New Teacher Recruitment is Collapsing

According to the latest Federal Title 2 data, enrollment into teacher prep programs has collapsed by 9.12% in Ohio. We're not the first to notice this trend, nor is it isolated to Ohio.

The Washington Post reports that Teacher for America may miss their recruitment goals by as much as 25%. Here's part of the memo sent out by the TFA CEO to partners

Dear Colleagues, With a few months to go in our recruitment season, we’d like to share an update on our work, including the patterns we’re seeing among the college seniors, graduate students, and professionals we’re working to recruit. As always, we’d welcome your advice and collaboration.

At this point, we’re tracking toward an incoming corps that may be smaller than the current one, and because demand for corps members has grown in recent years, we could fall short of our partners’ overall needs by more than 25 percent. We understand that this has very real implications for you and your students, and though we’ve still got nearly half our recruitment season to go, we wanted to keep you in the loop.

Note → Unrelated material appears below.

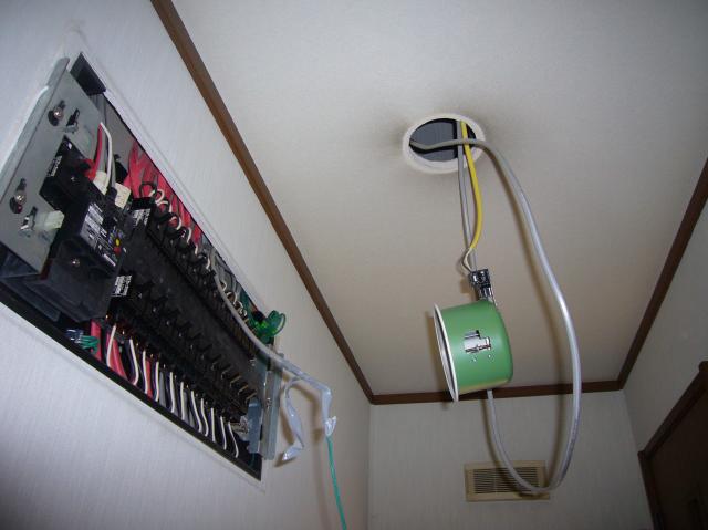 ウチの主任の職人技で、分電盤~ダウンライト~玄関前ダウンライト~お風呂の点検口~エコキュート

Today’s education climate is tough—fewer Americans rate education as a “top 2” national issue today, and teacher satisfaction has dipped precipitously in recent years—down from 62% in 2008 to 39% in 2012. Additionally, an increasingly polarized public conversation around education, coupled with shaky district budgets, is challenging the perception of teaching as a stable, fulfilling profession; in turn, we’re seeing decreased interest in entering the field nationwide. (You can read analysis of this trend here in Education Week.) We’ve felt some of this same polarization around TFA. At the same time, the broader economy is improving and young people have more job options than in recent years. Having experienced the national recession through much of their adolescence, college graduates today are placing a greater premium on what they see as financially sustainable professions. Teaching and public service have receded as primary options.

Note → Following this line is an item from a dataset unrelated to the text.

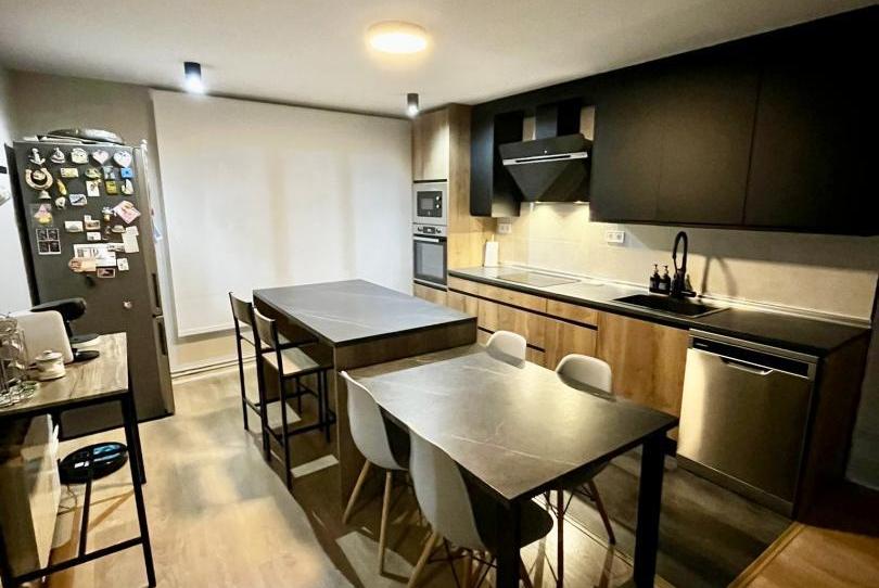 •Salón y cocina en espacio abierto, cocina moderna con isla

The same pattern of apathy towards teaching was highlighted by Ed Week in a recent article titled Steep Drops Seen in Teacher-Prep Enrollment Numbers

Massive changes to the profession, coupled with budget woes, appear to be shaking the image of teaching as a stable, engaging career. Nationwide, enrollments in university teacher-preparation programs have fallen by about 10 percent from 2004 to 2012, according to federal estimates from the U.S. Department of Education's postsecondary data collection.
[...]
"It is an alarming trend," said Mary Vixie Sandy, the executive director of the California Commission on Teaching Credentials, which enforces the state's teacher-preparation standards. "We are going to see it play out in this year and in the coming year with an increase in demand, and a not very deep pool of teachers to fulfill that demand."
[...]
If an uncertain economy is one likely explanation for the drop, analysts also point to other, less tangible causes: lots of press around changes to teachers' evaluations, more rigorous academic-content standards, and the perception in some quarters that teachers are being blamed for schools' problems.

Ed Week produced the graph below to show some of the trends

Corporate education reformers set about creating a climate of "accountability" to drive out "bad teachers" and replace them with "superstars". All they appear to have accomplished is creating a byzantine accountability system that doesn't work, isn't fair and is actively driving away tens of thousands of potential new teachers.